Transcribe the full listing exactly, and drop every picture.
*** Opening INPUT DATA ***
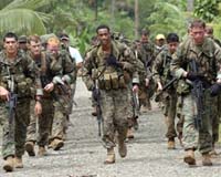 Guinsaugon, Philippines (AFP) Feb 20, 2006 The US military said Monday it was committing up to 3,000 troops to help after a huge landslide in the Philippines, as the hunt for survivors became a grim search for bodies instead. Foreign and local teams battled bad weather in the continuing search following Friday's tragedy, picking their way carefully through dangerous mud under which some 1,400 people are feared buried. Rescuers Monday located the site of a school believed to contain some 200 students and 40 teachers in the village of Guinsaugon on Leyte island. "They have discovered a trace of the school building," Joseph Chang, co-ordinator for a specialist Taiwan rescue team, told AFP, adding that crews have now pinpointed its location under tonnes of mud and rocks. But Chang said he had no idea when rescuers might be able to dig down to it. Ted Esguerra, head of a Philippine coastguard rescue team, said rescuers Monday had heard "rhythmic tapping sounds" from the site of the school. It was not clear what the noises might be and there were no immediate reports from other rescuers that sounds had been heard. For the first time, work continued overnight after generators were set up at the scene to provide lighting. Work was suspended in mid-evening because of the dangerous conditions but was set to resume later, said Philippine Lieutenant Colonel Raul Farnacio. "There's a danger of a cave-in because rain has been continuing," he said. Rain which is churning up the already unstable ground had delayed efforts even to locate buried buildings, let alone uncover them. "Yesterday we placed markers on an area which we thought was the school, using a triangulation method, but right now you can't see the markers. It has changed drastically," said Hector Reyes, team leader of the Philippine Canine Search and Rescue Team, earlier Monday. "There's still water under the rubble and it's very dangerous. Anytime, any of the mounds could collapse." About 2,500 to 3,000 US troops, more than half the soldiers assigned to a joint anti-terrorism exercise with Philippine forces, were diverted to help the rescue, US Brigadier General Mastin Robeson announced in Manila. He said up to 500 troops could be deployed in Guinsaugon, while the rest would man three ships to ferry relief supplies. At the site of the obliterated village an advance force of US Marines, the Taiwanese team equipped with sonar and video equipment and a Malaysian unit joined Philippine teams in the search. A carpet of mud and rocks, up to 30 metres (100 feet) deep in some places, covers a nine square kilometre (3.5 square mile) area. All that can be seen of the once vibrant farming village are a few sheets of roofing material and the tops of palm trees. "It is unlikely anyone could have survived under 30 metres of mud for three days," said one official, declining to be identified. "There appears to be no sign of life at the moment. Any oxygen that may have been trapped in spaces may have been finished off." He said the search now is for bodies not survivors but added: "Manila would have to make that call." Two officials in the area Sunday gave similar assessments. The civil defense office said Monday afternoon that 1,350 people are missing. Eighty bodies have been recovered, said a military official at the scene. The civil defense office said 434 people survived the disaster, including 19 who sustained injuries. The last survivors were pulled from the muck within hours of the tragedy and the 415 others were away from the village at the time. A total of 1,551 people from nine other villages have been moved to evacuation centres for fear of further landslides in the mountainous area. The tragedy has prompted an international outpouring of sympathy for the disaster-prone nation. Pope Benedict XVI on Sunday said he prayed for the victims, adding that "our hearts turn to all those suffering". The latest in a long list of aid shipments came from Singapore, which sent medicine, food, blankets, tents and other relief supplies. Australia said it would send a small team of engineers to assist with damage assessment and reconstruction efforts after earlier pledging one million dollars (740,000 US) in aid.
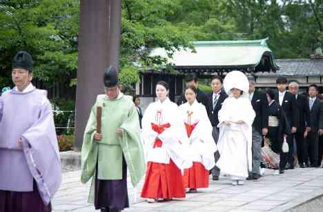 圧巻の花嫁行列。豊國神社での厳かな神前式
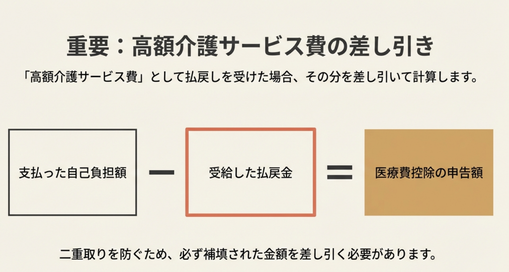 高額介護サービス費として払戻しを受けた場合、その金額を医療費の合計額から差し引いて控除額を計算する必要があります。特に指定介護老人福祉施設の場合、払戻し額の2分の1に相当する金額を差し引きます。
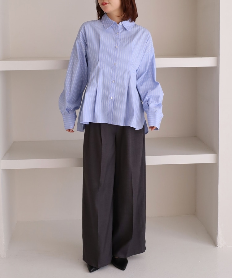 “ON かわ“archives×きちんと×かわいいON でも OFF でも“きちんと可愛く”着られる archives の新ラインテイスト問わず着まわしやすく、嬉しい機能付き!■着るだけでスタイルアップ。ウエストタックシャツ■【デザイン】・ウエストに入ったタックで、自然にメリハリのあるシルエットに・無地とストライプのアソート展開で、好みに合わせて選べるデザイン・春らしいブルーやイエローのカラー展開で、ONもOFFも着やすい・後ろが長めの丈感で、ヒップラインまでさりげなくカバー・ゆったりとしたサイズ感で、リラックス感のある着心地【素材感】・程よくハリのある素材で、シャツらしいきれいなフォルムをキープ・さらっとした肌触りで、ロングシーズン着用可能・きれいめにもカジュアルにも合わせやすい質感ーーーーーーーーーーーーーーー透け感:ややあり裏地:なし伸縮性:なし光沢感:なし生地厚さ:普通洗濯方法:可(手洗い推奨)※詳しいお手入れ方法は商品についているタグをご覧くださいーーーーーーーーーーーーーーー※ご利用のモニター環境により、実際の色味と多少異なる場合がございます。【スタイリング】■ ON・“ONかわ”シリーズのボトムスと合わせて、簡単にオフィスコーデが完成・きれいめパンツと合わせて、すっきり大人な印象に■ OFF・デニムと合わせて、春らしい大人カジュアルに・フレアスカートと合わせて、女性らしいお出かけスタイルにもおすすめ▼スタッフ別の詳しい着こなしは下の COORDINATE をチェック
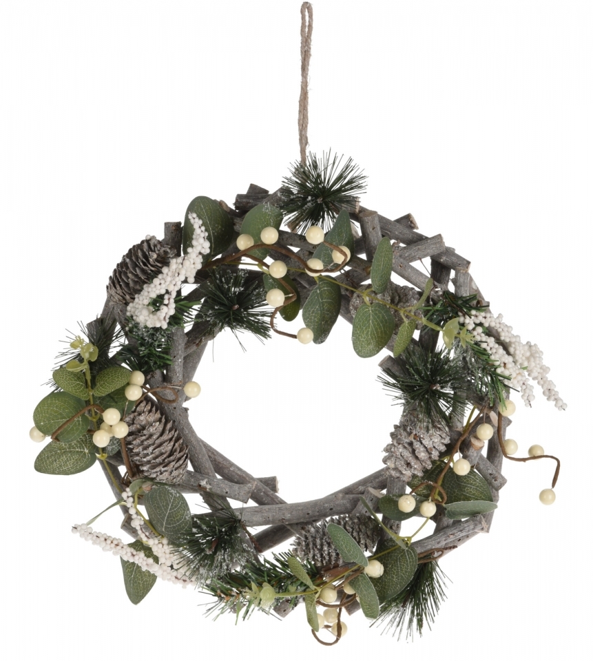 Dekorativní dřevěný věneček na zavěšení z dřívek. Věneček je zdobený šiškami, bobulkami, eukalyptem a umělým chvojím borovice a jedle, zasněžený umělým sněhem.Materiál: dřevo, plastRozměry:tloušťka 8 cmprůměr 30 cm przeczytaj całość
*** Closing INPUT DATA ***
**EXERCISE SOLUTION**
 Guinsaugon, Philippines (AFP) Feb 20, 2006 The US military said Monday it was committing up to 3,000 troops to help after a huge landslide in the Philippines, as the hunt for survivors became a grim search for bodies instead. Foreign and local teams battled bad weather in the continuing search following Friday's tragedy, picking their way carefully through dangerous mud under which some 1,400 people are feared buried. Rescuers Monday located the site of a school believed to contain some 200 students and 40 teachers in the village of Guinsaugon on Leyte island. "They have discovered a trace of the school building," Joseph Chang, co-ordinator for a specialist Taiwan rescue team, told AFP, adding that crews have now pinpointed its location under tonnes of mud and rocks. But Chang said he had no idea when rescuers might be able to dig down to it. Ted Esguerra, head of a Philippine coastguard rescue team, said rescuers Monday had heard "rhythmic tapping sounds" from the site of the school. It was not clear what the noises might be and there were no immediate reports from other rescuers that sounds had been heard. For the first time, work continued overnight after generators were set up at the scene to provide lighting. Work was suspended in mid-evening because of the dangerous conditions but was set to resume later, said Philippine Lieutenant Colonel Raul Farnacio. "There's a danger of a cave-in because rain has been continuing," he said. Rain which is churning up the already unstable ground had delayed efforts even to locate buried buildings, let alone uncover them. "Yesterday we placed markers on an area which we thought was the school, using a triangulation method, but right now you can't see the markers. It has changed drastically," said Hector Reyes, team leader of the Philippine Canine Search and Rescue Team, earlier Monday. "There's still water under the rubble and it's very dangerous. Anytime, any of the mounds could collapse." About 2,500 to 3,000 US troops, more than half the soldiers assigned to a joint anti-terrorism exercise with Philippine forces, were diverted to help the rescue, US Brigadier General Mastin Robeson announced in Manila. He said up to 500 troops could be deployed in Guinsaugon, while the rest would man three ships to ferry relief supplies. At the site of the obliterated village an advance force of US Marines, the Taiwanese team equipped with sonar and video equipment and a Malaysian unit joined Philippine teams in the search. A carpet of mud and rocks, up to 30 metres (100 feet) deep in some places, covers a nine square kilometre (3.5 square mile) area. All that can be seen of the once vibrant farming village are a few sheets of roofing material and the tops of palm trees. "It is unlikely anyone could have survived under 30 metres of mud for three days," said one official, declining to be identified. "There appears to be no sign of life at the moment. Any oxygen that may have been trapped in spaces may have been finished off." He said the search now is for bodies not survivors but added: "Manila would have to make that call." Two officials in the area Sunday gave similar assessments. The civil defense office said Monday afternoon that 1,350 people are missing. Eighty bodies have been recovered, said a military official at the scene. The civil defense office said 434 people survived the disaster, including 19 who sustained injuries. The last survivors were pulled from the muck within hours of the tragedy and the 415 others were away from the village at the time. A total of 1,551 people from nine other villages have been moved to evacuation centres for fear of further landslides in the mountainous area. The tragedy has prompted an international outpouring of sympathy for the disaster-prone nation. Pope Benedict XVI on Sunday said he prayed for the victims, adding that "our hearts turn to all those suffering". The latest in a long list of aid shipments came from Singapore, which sent medicine, food, blankets, tents and other relief supplies. Australia said it would send a small team of engineers to assist with damage assessment and reconstruction efforts after earlier pledging one million dollars (740,000 US) in aid.
 圧巻の花嫁行列。豊國神社での厳かな神前式
 高額介護サービス費として払戻しを受けた場合、その金額を医療費の合計額から差し引いて控除額を計算する必要があります。特に指定介護老人福祉施設の場合、払戻し額の2分の1に相当する金額を差し引きます。
 “ON かわ“archives×きちんと×かわいいON でも OFF でも“きちんと可愛く”着られる archives の新ラインテイスト問わず着まわしやすく、嬉しい機能付き!■着るだけでスタイルアップ。ウエストタックシャツ■【デザイン】・ウエストに入ったタックで、自然にメリハリのあるシルエットに・無地とストライプのアソート展開で、好みに合わせて選べるデザイン・春らしいブルーやイエローのカラー展開で、ONもOFFも着やすい・後ろが長めの丈感で、ヒップラインまでさりげなくカバー・ゆったりとしたサイズ感で、リラックス感のある着心地【素材感】・程よくハリのある素材で、シャツらしいきれいなフォルムをキープ・さらっとした肌触りで、ロングシーズン着用可能・きれいめにもカジュアルにも合わせやすい質感ーーーーーーーーーーーーーーー透け感:ややあり裏地:なし伸縮性:なし光沢感:なし生地厚さ:普通洗濯方法:可(手洗い推奨)※詳しいお手入れ方法は商品についているタグをご覧くださいーーーーーーーーーーーーーーー※ご利用のモニター環境により、実際の色味と多少異なる場合がございます。【スタイリング】■ ON・“ONかわ”シリーズのボトムスと合わせて、簡単にオフィスコーデが完成・きれいめパンツと合わせて、すっきり大人な印象に■ OFF・デニムと合わせて、春らしい大人カジュアルに・フレアスカートと合わせて、女性らしいお出かけスタイルにもおすすめ▼スタッフ別の詳しい着こなしは下の COORDINATE をチェック
 Dekorativní dřevěný věneček na zavěšení z dřívek. Věneček je zdobený šiškami, bobulkami, eukalyptem a umělým chvojím borovice a jedle, zasněžený umělým sněhem.Materiál: dřevo, plastRozměry:tloušťka 8 cmprůměr 30 cm przeczytaj całość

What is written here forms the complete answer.